### Assignment
From the entries that follow, copy each line containing the word "will".

Dataset items
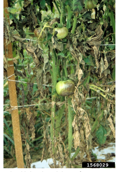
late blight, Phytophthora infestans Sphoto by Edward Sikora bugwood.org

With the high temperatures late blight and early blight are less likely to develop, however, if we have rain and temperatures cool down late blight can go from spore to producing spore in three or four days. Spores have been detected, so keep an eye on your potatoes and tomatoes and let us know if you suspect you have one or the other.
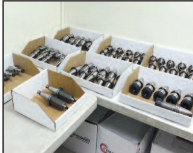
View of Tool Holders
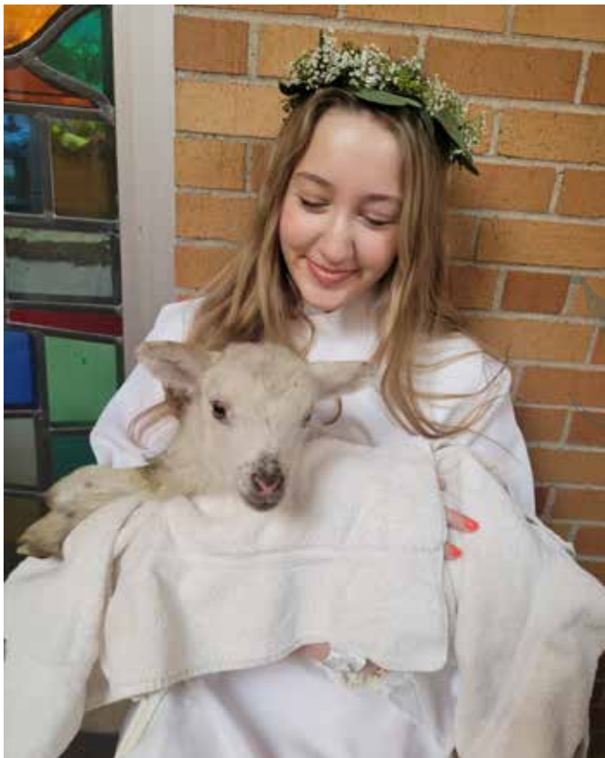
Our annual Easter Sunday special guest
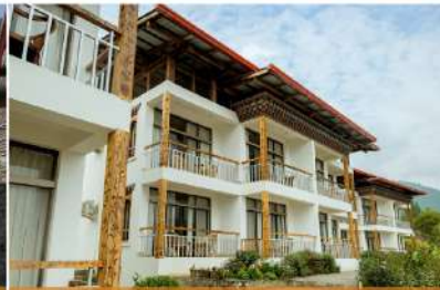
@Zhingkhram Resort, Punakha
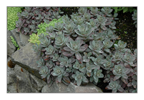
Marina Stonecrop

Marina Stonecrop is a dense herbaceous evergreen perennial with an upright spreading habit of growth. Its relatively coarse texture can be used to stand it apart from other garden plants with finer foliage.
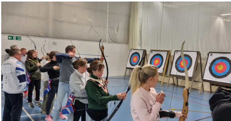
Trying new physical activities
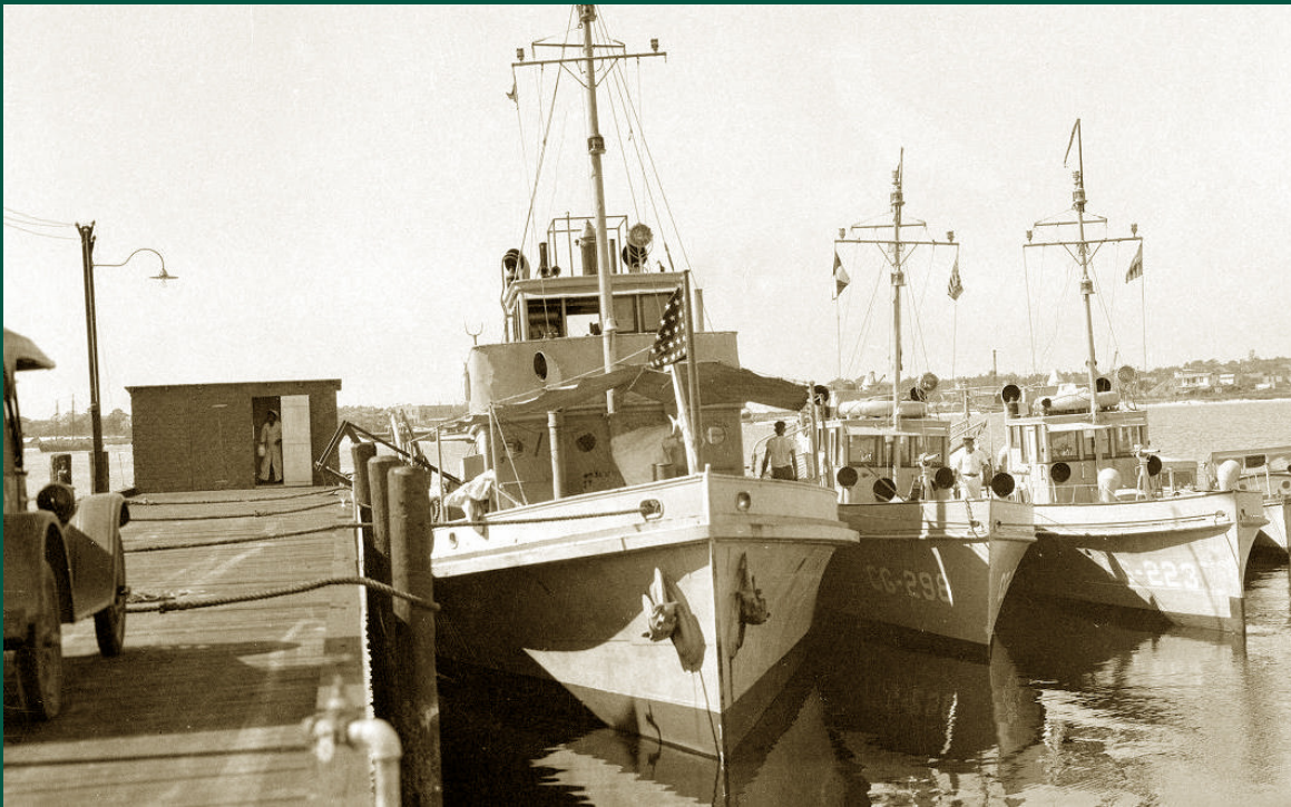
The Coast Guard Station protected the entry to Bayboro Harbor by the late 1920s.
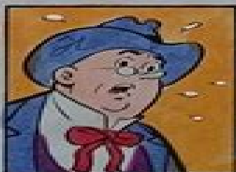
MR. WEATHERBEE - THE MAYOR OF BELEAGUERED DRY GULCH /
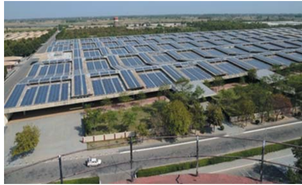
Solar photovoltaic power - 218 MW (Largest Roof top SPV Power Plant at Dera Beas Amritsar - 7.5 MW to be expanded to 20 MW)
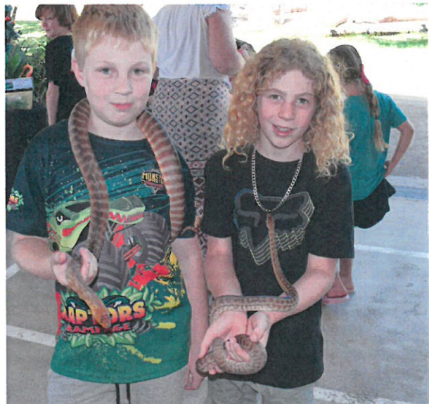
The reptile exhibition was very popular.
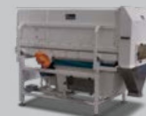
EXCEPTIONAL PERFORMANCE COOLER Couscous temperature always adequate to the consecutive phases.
--
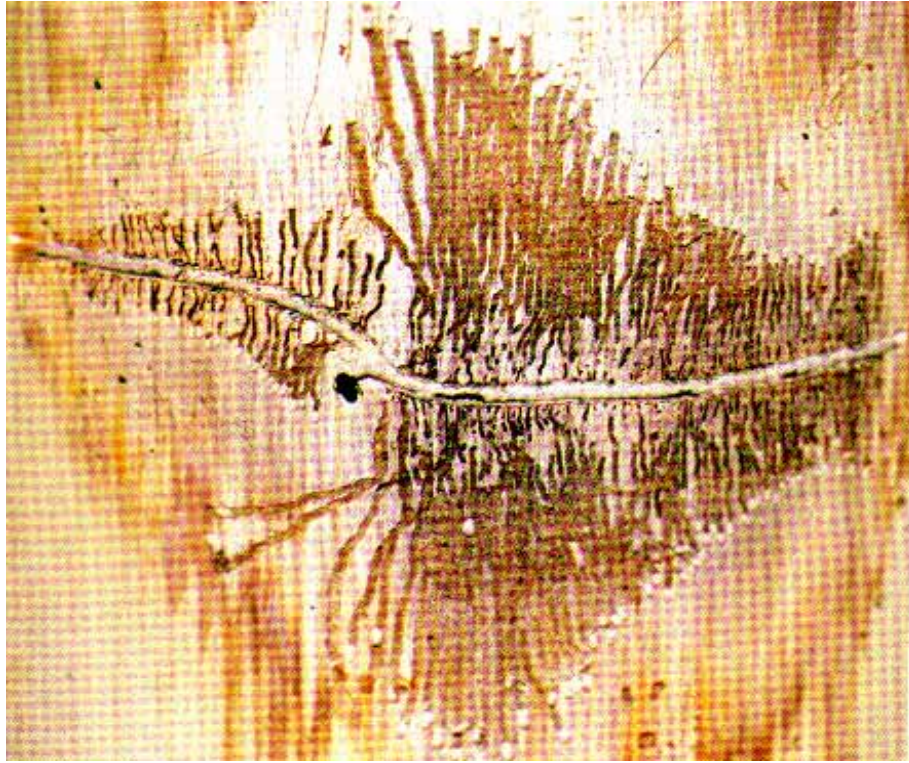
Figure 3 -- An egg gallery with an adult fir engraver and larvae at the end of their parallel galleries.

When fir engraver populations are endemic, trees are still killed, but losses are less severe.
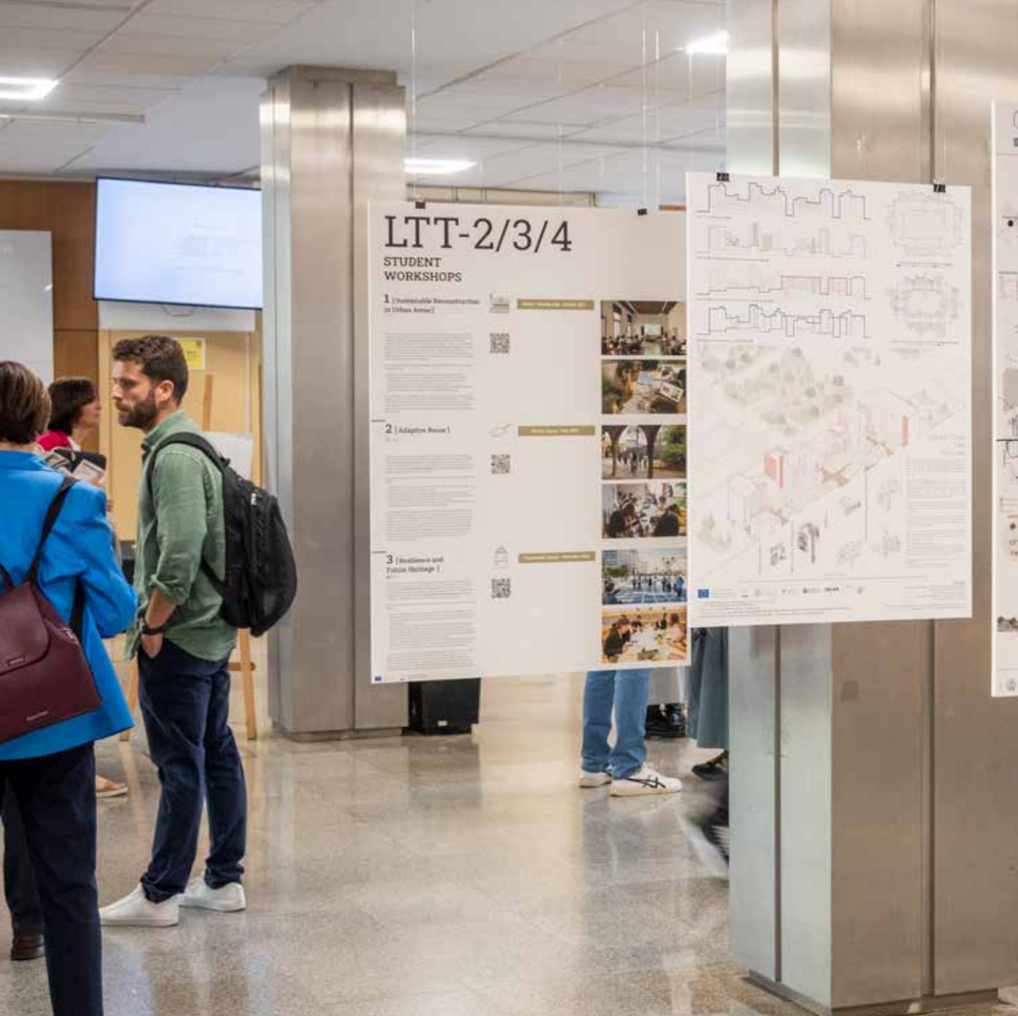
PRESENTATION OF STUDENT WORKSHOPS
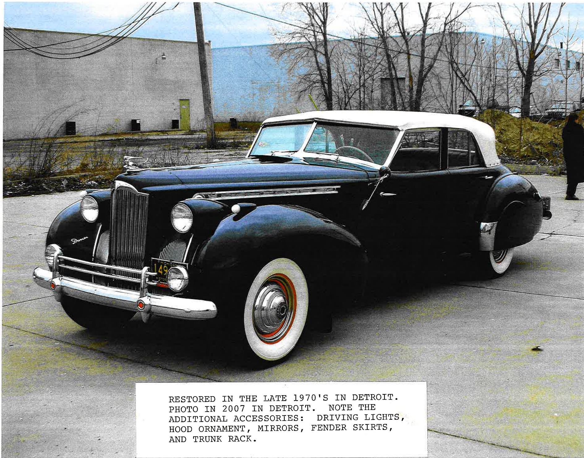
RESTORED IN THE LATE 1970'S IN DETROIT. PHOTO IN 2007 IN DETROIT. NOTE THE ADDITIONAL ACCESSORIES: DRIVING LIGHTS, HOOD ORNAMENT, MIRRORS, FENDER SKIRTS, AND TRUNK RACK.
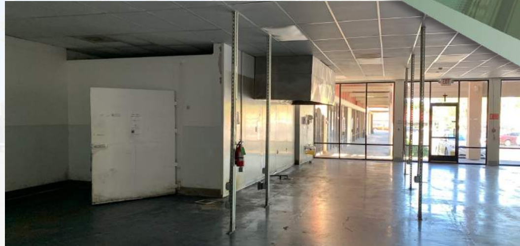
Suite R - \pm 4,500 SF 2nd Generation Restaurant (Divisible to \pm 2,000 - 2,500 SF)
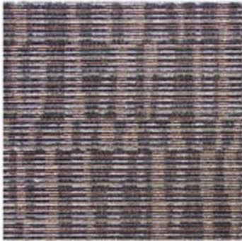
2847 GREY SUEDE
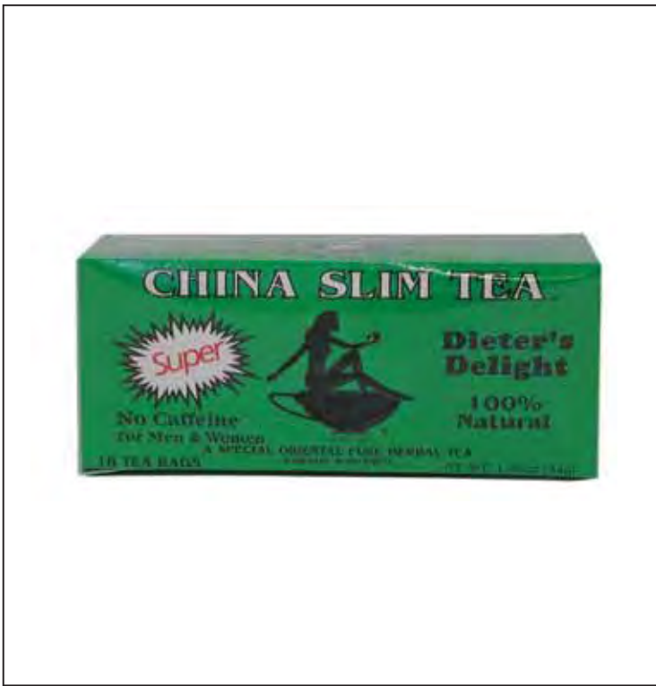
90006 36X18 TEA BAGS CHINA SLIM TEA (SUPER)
...
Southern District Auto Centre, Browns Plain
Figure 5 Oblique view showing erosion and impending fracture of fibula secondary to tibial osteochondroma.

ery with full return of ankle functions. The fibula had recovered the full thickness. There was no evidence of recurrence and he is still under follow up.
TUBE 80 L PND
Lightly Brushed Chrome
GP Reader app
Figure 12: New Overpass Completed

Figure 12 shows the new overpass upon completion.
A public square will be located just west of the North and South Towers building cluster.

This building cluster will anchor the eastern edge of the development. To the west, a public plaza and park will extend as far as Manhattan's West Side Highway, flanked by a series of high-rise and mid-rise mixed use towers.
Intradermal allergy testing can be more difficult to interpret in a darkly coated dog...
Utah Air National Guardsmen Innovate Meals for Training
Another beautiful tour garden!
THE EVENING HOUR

### Solved problem
A public square will be located just west of the North and South Towers building cluster.
This building cluster will anchor the eastern edge of the development. To the west, a public plaza and park will extend as far as Manhattan's West Side Highway, flanked by a series of high-rise and mid-rise mixed use towers.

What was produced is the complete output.